Set the listing down exactly; no pictures.

*Data provided*
════

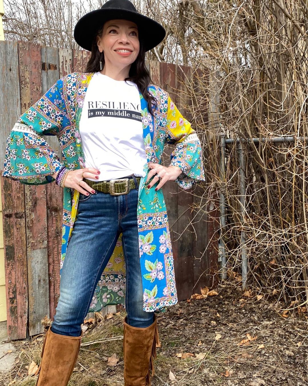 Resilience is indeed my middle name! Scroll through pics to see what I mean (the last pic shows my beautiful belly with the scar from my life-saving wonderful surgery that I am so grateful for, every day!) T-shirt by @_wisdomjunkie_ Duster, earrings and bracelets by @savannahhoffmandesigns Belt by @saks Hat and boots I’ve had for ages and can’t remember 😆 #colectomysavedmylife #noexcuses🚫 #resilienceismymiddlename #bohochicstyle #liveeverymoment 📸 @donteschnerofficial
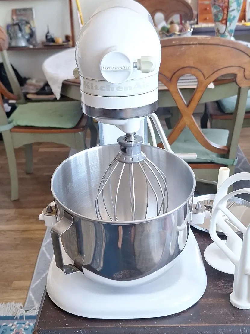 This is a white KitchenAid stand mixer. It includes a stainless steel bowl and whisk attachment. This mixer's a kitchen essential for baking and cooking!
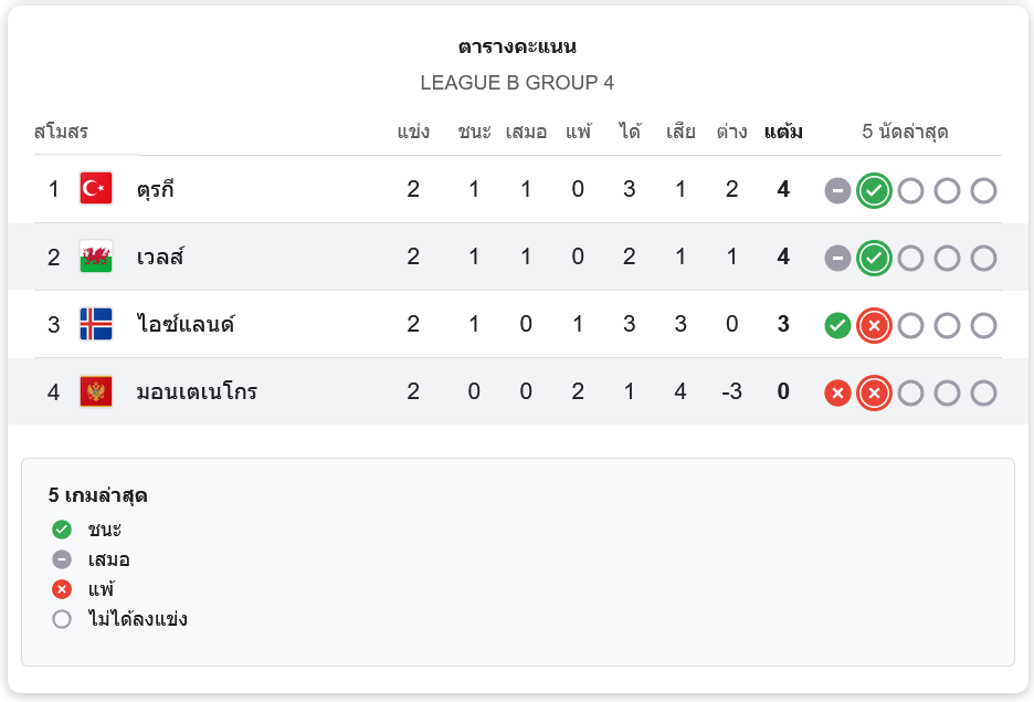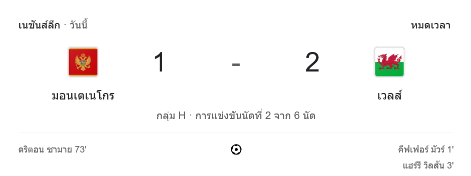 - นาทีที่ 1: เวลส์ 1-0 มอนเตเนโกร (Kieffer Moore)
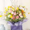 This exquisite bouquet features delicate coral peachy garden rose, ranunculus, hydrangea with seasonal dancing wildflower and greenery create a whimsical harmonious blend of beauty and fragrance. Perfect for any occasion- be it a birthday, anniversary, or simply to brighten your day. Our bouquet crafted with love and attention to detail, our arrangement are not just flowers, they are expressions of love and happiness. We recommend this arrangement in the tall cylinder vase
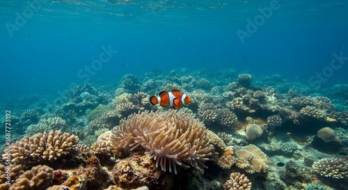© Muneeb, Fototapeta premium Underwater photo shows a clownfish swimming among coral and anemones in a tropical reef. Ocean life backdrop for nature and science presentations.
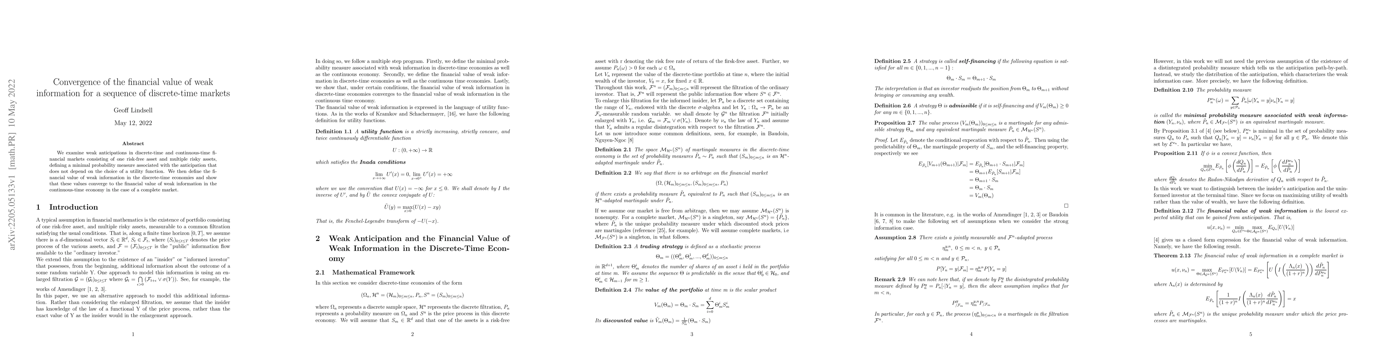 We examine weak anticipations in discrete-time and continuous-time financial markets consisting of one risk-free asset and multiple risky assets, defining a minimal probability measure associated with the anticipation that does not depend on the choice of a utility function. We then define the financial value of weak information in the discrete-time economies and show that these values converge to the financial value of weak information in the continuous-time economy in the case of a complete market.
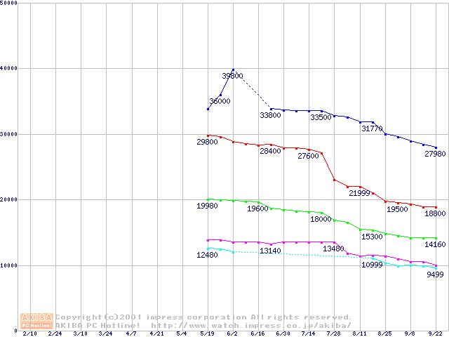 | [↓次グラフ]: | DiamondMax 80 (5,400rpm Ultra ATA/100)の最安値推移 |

════

*Expected answer*
 Resilience is indeed my middle name! Scroll through pics to see what I mean (the last pic shows my beautiful belly with the scar from my life-saving wonderful surgery that I am so grateful for, every day!) T-shirt by @_wisdomjunkie_ Duster, earrings and bracelets by @savannahhoffmandesigns Belt by @saks Hat and boots I’ve had for ages and can’t remember 😆 #colectomysavedmylife #noexcuses🚫 #resilienceismymiddlename #bohochicstyle #liveeverymoment 📸 @donteschnerofficial
 This is a white KitchenAid stand mixer. It includes a stainless steel bowl and whisk attachment. This mixer's a kitchen essential for baking and cooking!
 - นาทีที่ 1: เวลส์ 1-0 มอนเตเนโกร (Kieffer Moore)
 This exquisite bouquet features delicate coral peachy garden rose, ranunculus, hydrangea with seasonal dancing wildflower and greenery create a whimsical harmonious blend of beauty and fragrance. Perfect for any occasion- be it a birthday, anniversary, or simply to brighten your day. Our bouquet crafted with love and attention to detail, our arrangement are not just flowers, they are expressions of love and happiness. We recommend this arrangement in the tall cylinder vase
© Muneeb, Fototapeta premium Underwater photo shows a clownfish swimming among coral and anemones in a tropical reef. Ocean life backdrop for nature and science presentations.
 We examine weak anticipations in discrete-time and continuous-time financial markets consisting of one risk-free asset and multiple risky assets, defining a minimal probability measure associated with the anticipation that does not depend on the choice of a utility function. We then define the financial value of weak information in the discrete-time economies and show that these values converge to the financial value of weak information in the continuous-time economy in the case of a complete market.
 | [↓次グラフ]: | DiamondMax 80 (5,400rpm Ultra ATA/100)の最安値推移 |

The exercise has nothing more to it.